[DATA]
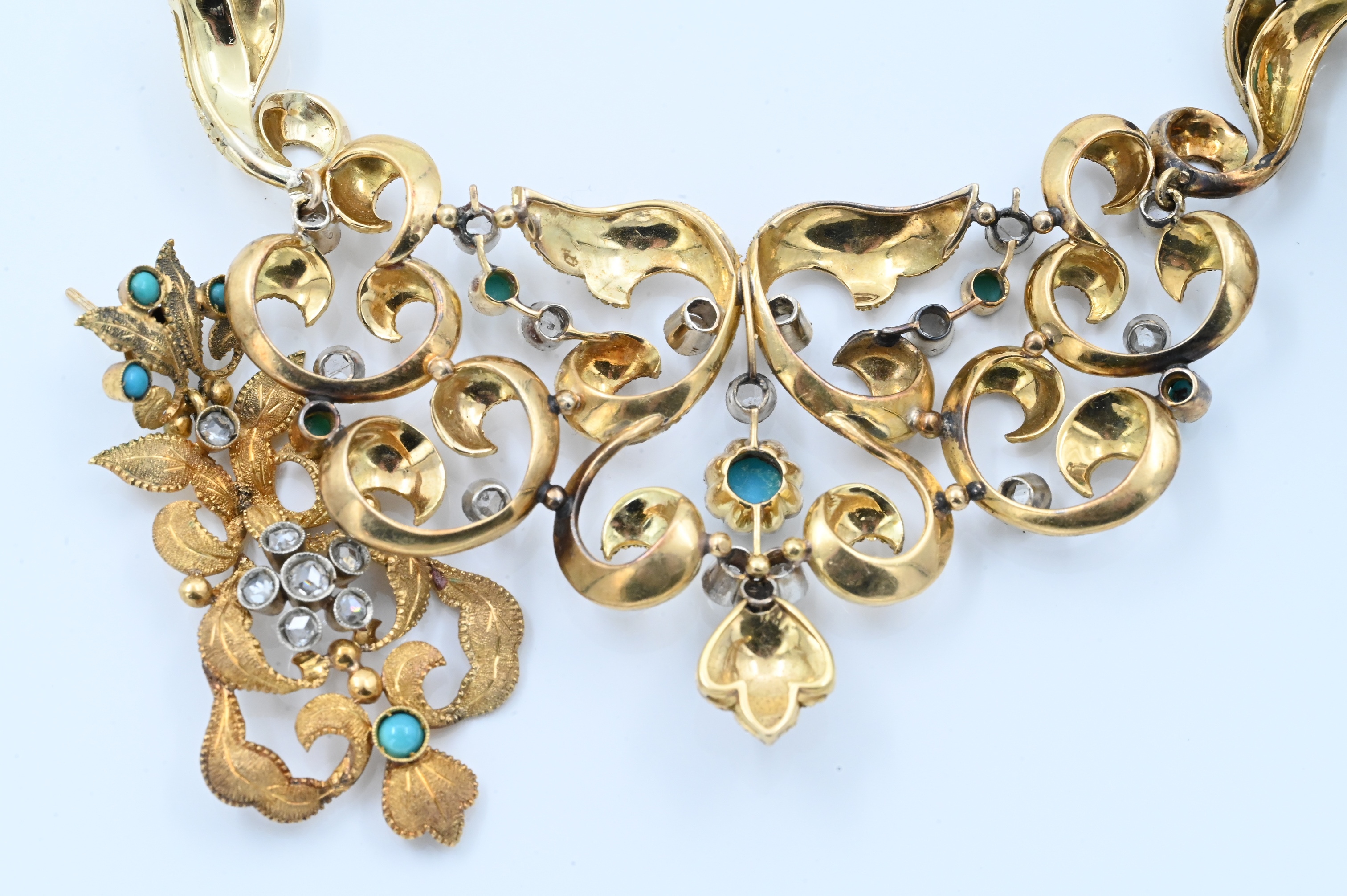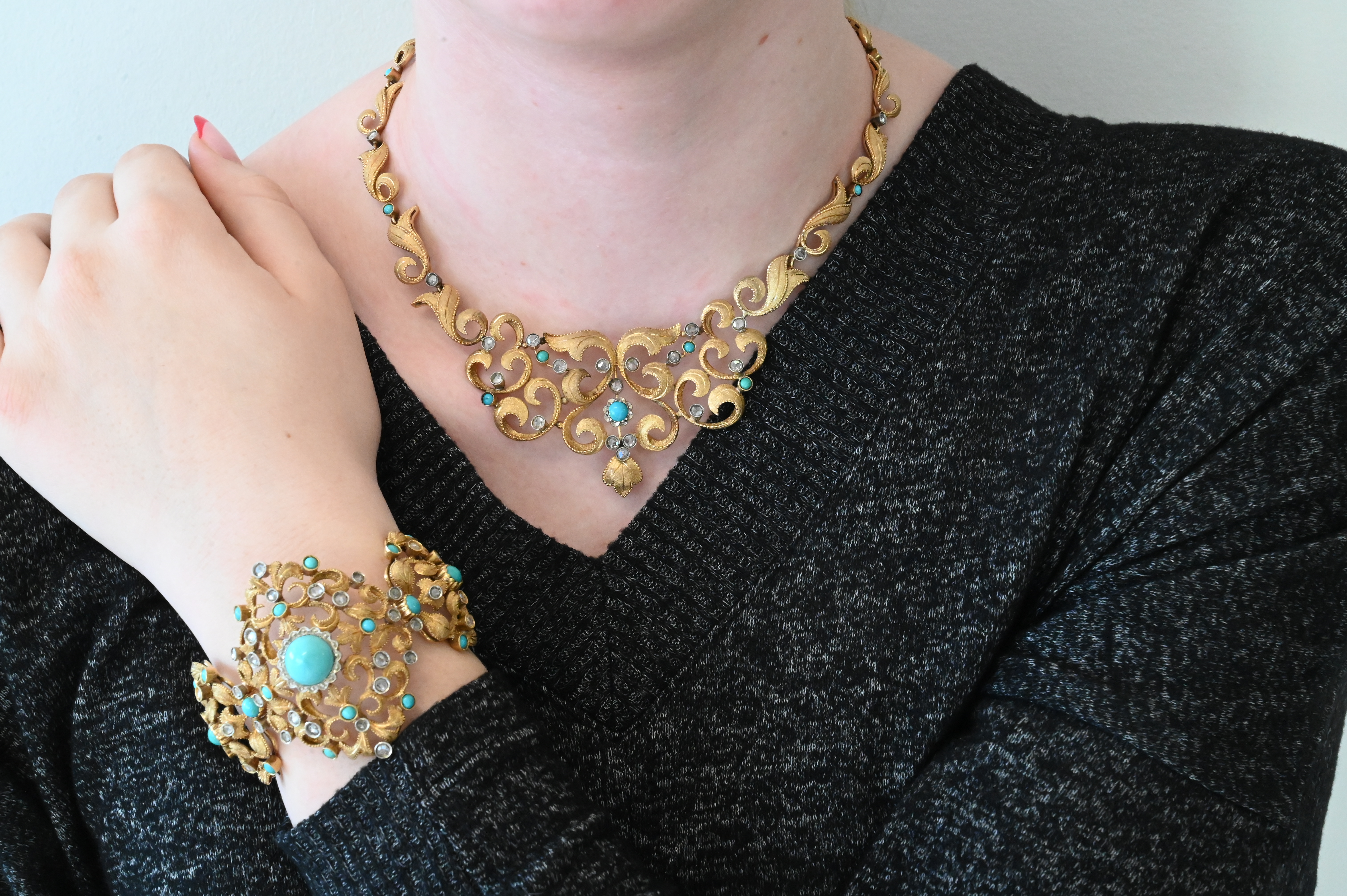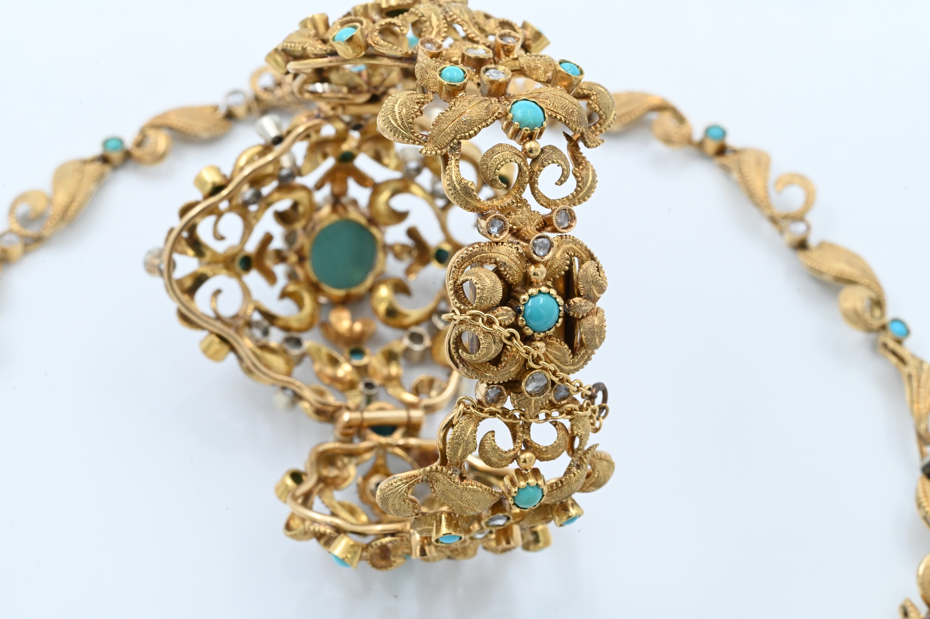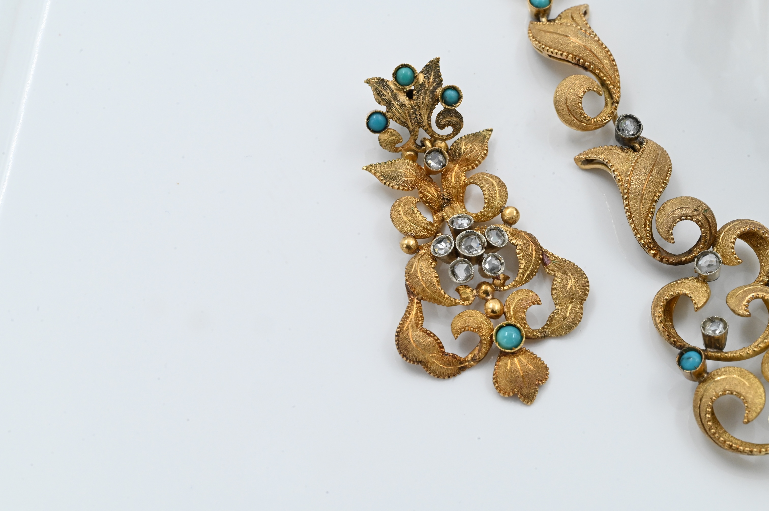 to include necklace, bracelet, and pair of earrings, each set with cabochon turquoise and silver overlay, rose cut diamonds set in a naturalistic foliage backdrop
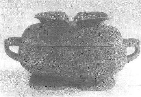 春秋。通高16.5厘米,口长23.5厘米,宽18.2厘米。1959年安徽省屯溪出土。北京中国历史博物馆藏。盨为古代食器,用来盛黍、稷、稻、粱等。出现于西周中期,到春秋后期便消逝了。此盨呈椭圆形,兽首双耳,有盖,盖顶呈对称的四瓣花状,盖可倒置为盘。矮圈足,四边中间各有一凹孔。通体饰细密繁缛的蟠螭纹。此器为春秋时期之物,造型端庄,纹饰为所见盨中最精美者。
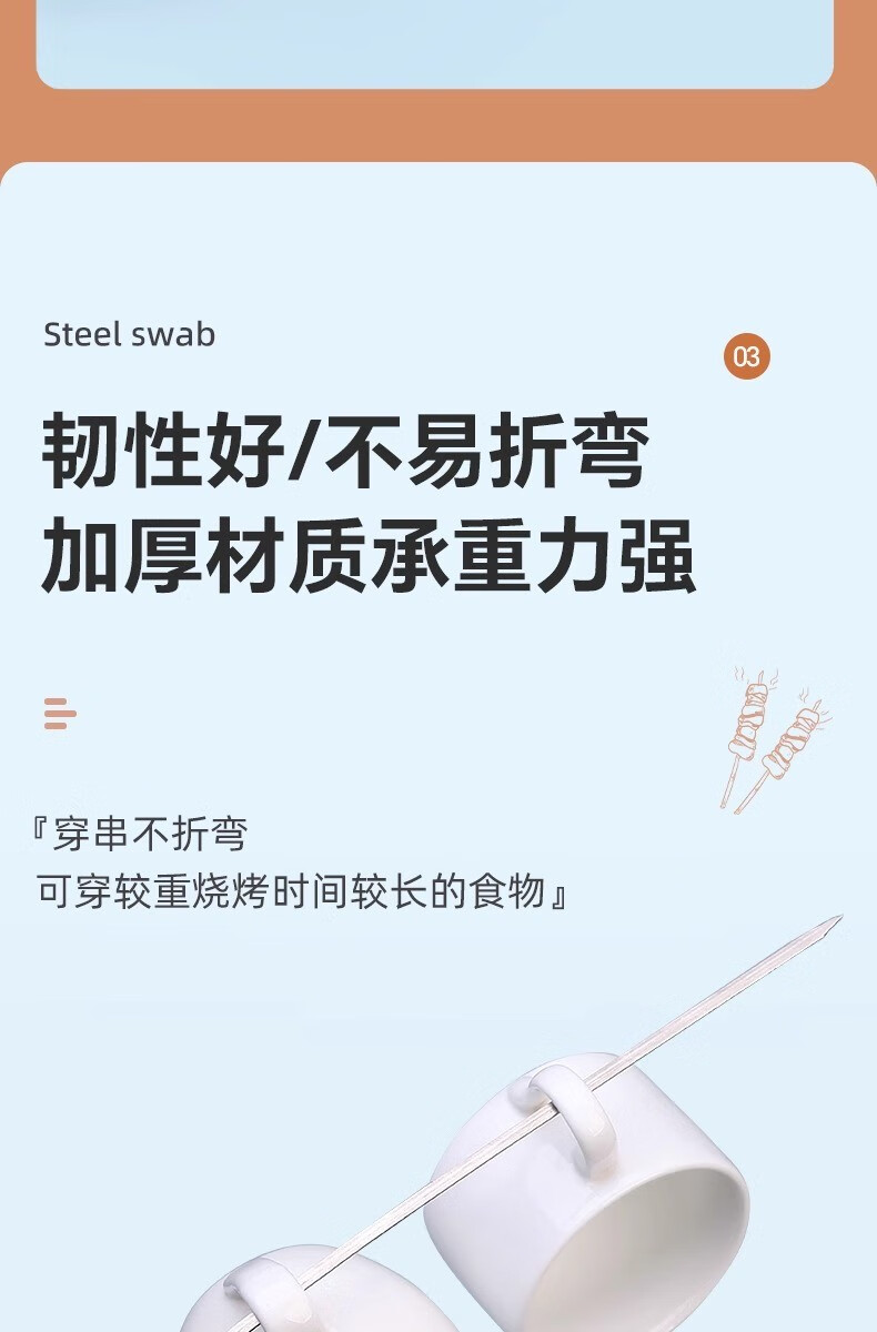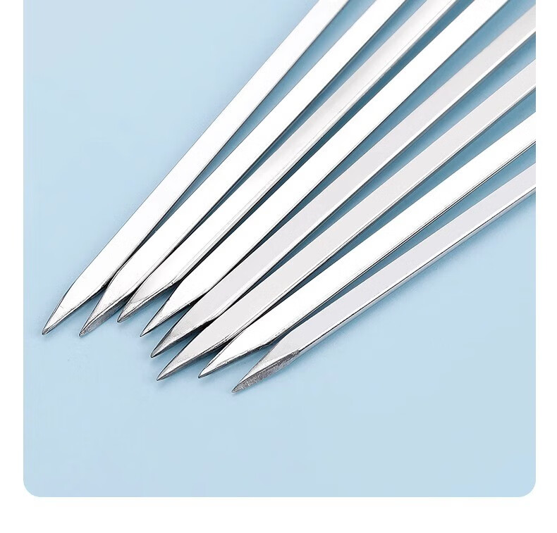 KIQUNE不锈钢烧烤签扁签户外羊肉串烤肉签子钢签铁签圆签全套工具烧烤针 宽3.2厚0.8长35cm扁签【100支】

[ASSIGNMENT] Provide a precise transcription of the listing, excluding each picture.

[TASK OUTPUT]
 to include necklace, bracelet, and pair of earrings, each set with cabochon turquoise and silver overlay, rose cut diamonds set in a naturalistic foliage backdrop
 春秋。通高16.5厘米,口长23.5厘米,宽18.2厘米。1959年安徽省屯溪出土。北京中国历史博物馆藏。盨为古代食器,用来盛黍、稷、稻、粱等。出现于西周中期,到春秋后期便消逝了。此盨呈椭圆形,兽首双耳,有盖,盖顶呈对称的四瓣花状,盖可倒置为盘。矮圈足,四边中间各有一凹孔。通体饰细密繁缛的蟠螭纹。此器为春秋时期之物,造型端庄,纹饰为所见盨中最精美者。
 KIQUNE不锈钢烧烤签扁签户外羊肉串烤肉签子钢签铁签圆签全套工具烧烤针 宽3.2厚0.8长35cm扁签【100支】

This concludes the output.